5. Insufficient Stamping of Agreements

The respondents raised an objection regarding the insufficient stamping of the MoU and the agreement of sale. The court cited a Supreme Court decision, holding that issues of insufficient stamping should be left for the arbitral tribunal to decide. This interpretation ensures that minor procedural issues do not prevent parties from accessing arbitration.

Judgment and Implications

The High Court of Telangana allowed the arbitration application, appointing Sri Justice V. V. S. Rao, Former Judge of the High Court of Andhra Pradesh, as the sole arbitrator. The court held that a valid arbitration agreement exists between the parties and that all issues, including the termination of the MoU and the agreement of sale, should be decided by the arbitral tribunal.

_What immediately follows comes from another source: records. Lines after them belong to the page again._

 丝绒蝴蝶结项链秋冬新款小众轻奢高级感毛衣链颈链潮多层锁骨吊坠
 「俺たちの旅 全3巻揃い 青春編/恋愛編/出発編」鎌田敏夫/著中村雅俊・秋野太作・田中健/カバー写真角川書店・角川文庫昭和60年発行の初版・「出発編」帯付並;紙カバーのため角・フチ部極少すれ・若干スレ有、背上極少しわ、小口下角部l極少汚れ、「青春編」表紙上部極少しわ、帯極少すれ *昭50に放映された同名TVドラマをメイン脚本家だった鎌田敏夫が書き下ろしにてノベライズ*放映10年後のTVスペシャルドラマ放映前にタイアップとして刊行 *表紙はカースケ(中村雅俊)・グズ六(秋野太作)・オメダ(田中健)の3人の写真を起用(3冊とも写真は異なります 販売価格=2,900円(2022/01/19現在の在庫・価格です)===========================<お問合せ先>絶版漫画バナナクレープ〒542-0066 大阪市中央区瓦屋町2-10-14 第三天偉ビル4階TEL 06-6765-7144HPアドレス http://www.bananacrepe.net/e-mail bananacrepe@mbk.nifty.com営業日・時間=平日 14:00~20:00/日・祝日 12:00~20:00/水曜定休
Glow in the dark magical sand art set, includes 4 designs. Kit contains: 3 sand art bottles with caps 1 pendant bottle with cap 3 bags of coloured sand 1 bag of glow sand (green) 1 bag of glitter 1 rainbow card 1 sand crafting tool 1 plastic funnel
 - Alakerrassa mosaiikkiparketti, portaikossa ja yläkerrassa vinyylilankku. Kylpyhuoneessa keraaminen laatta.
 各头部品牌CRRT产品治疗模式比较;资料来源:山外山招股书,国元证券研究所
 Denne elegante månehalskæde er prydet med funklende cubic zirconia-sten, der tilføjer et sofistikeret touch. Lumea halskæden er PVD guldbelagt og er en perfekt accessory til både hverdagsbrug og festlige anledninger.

Interpretation of ‘May’ in an Agreement

One of the critical aspects of this judgment is the interpretation of the word “may” in the arbitration clause of the agreement of sale. The respondents argued that the use of “may” introduced an element of uncertainty and rendered the arbitration clause unenforceable. However, the court held that when read together with the MoU, which clearly provided for arbitration, the intention of the parties to arbitrate was evident. The court cited the Supreme Court’s decision in Olympus Superstructures (P) Ltd. v. Meena Vijay Khetan (1999) 5 SCC 651, which emphasized that in interconnected agreements, the arbitration clause in the main agreement governs disputes arising under both agreements.

Conclusion

The High Court of Telangana’s judgment in Urbanwoods Realty LLP vs Mrs. Uma Rastogi & Another is a significant contribution to the jurisprudence on arbitration law. It deals with the importance of arbitration as a dispute resolution mechanism, particularly in complex commercial transactions. The court’s interpretation of the word “may” in the arbitration clause is particularly noteworthy, as it reflects a pragmatic approach to enforcing the parties’ intention to arbitrate.

The judgment also highlights the need for clear and unambiguous arbitration clauses in agreements. While the court was able to infer the intention to arbitrate from the interconnected nature of the agreements, parties would be well-advised to use definitive language in their arbitration clauses to avoid ambiguity. This judgment serves as a reminder that arbitration is a valuable tool for resolving disputes efficiently and effectively, provided that the arbitration agreements are properly drafted and enforced.

In conclusion, the High Court of Telangana’s decision reaffirms the sanctity of arbitration agreements and provides valuable guidance for legal practitioners and businesses. It emphasizes the importance of clear arbitration clauses and the limited role of the referral court under Section 11, ensuring that arbitration proceedings are not unduly delayed or interfered with by preliminary judicial scrutiny. This judgment is a testament to the robustness of arbitration as a dispute resolution mechanism and offers valuable insights for legal practitioners and businesses alike.